3,500-4,000 years ago the Han Chinese invented characters to express their spoken language in written form. This spoken language was systematic, with clearly identifiable conjunctions between sound and meaning. Scholarly reconstructions of the sounds of ancient (or proto-) Chinese allow us to make a preliminary identification of the phonetic matrices according to which the Chinese characters were devised, opening a window to the worldview of this fascinating language as possessed by its early speakers.

The etymologies in this online dictionary are written specifically to account for the meanings the characters express in modern Japanese. These meanings often but not always overlap with the characters' meanings in Chinese, Korean or Vietnamese. CKV students may benefit from the dictionary's presentation of the characters' origins, but should be sure to consult appropriate reference sources for the modern meanings the characters possess in CKV.

About the Etymologies
Hikaru Morimoto and I collaborated on research into Chinese characters for nearly a dozen years, concluding with his death in 2004. The etymologies contained in this site take their cue from two prominent Sinologists, Bernhard Karlgren and Akiyasu Todo, both of whom organized Chinese characters according to word families of phonetically and semantically related terms.

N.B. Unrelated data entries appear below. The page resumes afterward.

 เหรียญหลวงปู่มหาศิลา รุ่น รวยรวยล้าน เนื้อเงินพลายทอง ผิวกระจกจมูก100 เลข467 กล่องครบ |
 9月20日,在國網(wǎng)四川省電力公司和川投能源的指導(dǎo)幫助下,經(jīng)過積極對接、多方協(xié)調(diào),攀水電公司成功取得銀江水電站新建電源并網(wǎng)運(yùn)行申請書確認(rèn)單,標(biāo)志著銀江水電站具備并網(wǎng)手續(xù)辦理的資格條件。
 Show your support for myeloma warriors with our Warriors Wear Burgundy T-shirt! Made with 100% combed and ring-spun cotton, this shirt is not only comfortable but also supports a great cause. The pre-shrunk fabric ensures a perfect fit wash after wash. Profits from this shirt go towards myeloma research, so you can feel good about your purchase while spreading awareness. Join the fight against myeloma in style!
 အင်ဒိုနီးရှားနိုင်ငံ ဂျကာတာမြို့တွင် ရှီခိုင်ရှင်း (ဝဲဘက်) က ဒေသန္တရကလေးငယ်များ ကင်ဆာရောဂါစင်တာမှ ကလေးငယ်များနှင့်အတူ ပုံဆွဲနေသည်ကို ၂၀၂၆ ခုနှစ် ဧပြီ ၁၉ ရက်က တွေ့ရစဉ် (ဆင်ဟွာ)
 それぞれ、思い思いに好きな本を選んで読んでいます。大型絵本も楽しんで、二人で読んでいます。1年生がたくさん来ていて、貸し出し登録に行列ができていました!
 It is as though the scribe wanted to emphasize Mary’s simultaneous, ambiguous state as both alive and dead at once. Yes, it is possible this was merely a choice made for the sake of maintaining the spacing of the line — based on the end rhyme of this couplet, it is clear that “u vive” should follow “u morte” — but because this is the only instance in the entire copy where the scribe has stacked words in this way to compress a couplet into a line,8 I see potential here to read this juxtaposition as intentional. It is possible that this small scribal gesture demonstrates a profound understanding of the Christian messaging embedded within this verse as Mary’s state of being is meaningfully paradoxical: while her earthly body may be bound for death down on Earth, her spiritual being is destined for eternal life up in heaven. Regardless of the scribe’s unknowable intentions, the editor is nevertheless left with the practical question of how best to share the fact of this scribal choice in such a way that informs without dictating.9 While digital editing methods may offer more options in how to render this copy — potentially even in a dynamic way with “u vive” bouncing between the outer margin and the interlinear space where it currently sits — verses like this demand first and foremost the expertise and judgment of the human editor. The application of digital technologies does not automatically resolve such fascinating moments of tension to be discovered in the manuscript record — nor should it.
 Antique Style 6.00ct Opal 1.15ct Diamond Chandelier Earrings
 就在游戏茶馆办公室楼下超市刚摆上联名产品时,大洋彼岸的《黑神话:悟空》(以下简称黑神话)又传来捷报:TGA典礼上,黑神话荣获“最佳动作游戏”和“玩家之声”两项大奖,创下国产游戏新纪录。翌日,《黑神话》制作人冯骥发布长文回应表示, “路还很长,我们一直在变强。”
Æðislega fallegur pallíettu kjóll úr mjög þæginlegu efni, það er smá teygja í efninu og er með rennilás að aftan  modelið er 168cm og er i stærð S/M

Distinguishing our etymologies from Todo's is the viewpoint that phonosemantic principles apply to 1) the initial consonants, 2) final consonants, and 3) the vowels O and U in ancient Chinese.

The following chart presents examples of elements that appear frequently in compound characters. Each element is assigned a semantic keyword (denoted as a "descriptor"). The third column presents a representative selection of compound characters in which the element appears and exercises the semantic influence noted. The examples are in no particular order. Note that the semantic descriptors do not necessarily match the elements' meanings when they are used as independent characters. Click on any character to view its complete etymology.

(Click here to view the Reproduced Chart)

Remaining Characters
Naturally, the 6,500 characters in this online dictionary represent but a fraction of all those that have ever been created. The Japanese standard is considered to be Dai Kan-Wa Jiten (大漢和辞典: revised and expanded version of 1960; edited by 諸橋轍次 [Morohashi Tetsuji] inter alia), which contains 50,000 characters. In China, a 1994 book lists 85,000 while another publication said to be on its way will exceed 100,000 characters.

For all that, a random sampling of the 50,000 Morohashi characters suggests that well over half are alternate forms and that another large chunk are personal nouns. The sampling also reveals thousands of characters for which the original significations and/or historical usages are uncertain (many of these refer to plants or to insects and other small creatures). That leaves, according to my rough calculations, approximately 4,000 characters for which etymologies might be produced with confidence. I hope to add as many of these as possible to the Kanji Networks corpus in coming years.

Credit for all that is good and useful in this dictionary belongs to Hikaru Morimoto. With me rests the blame for everything else.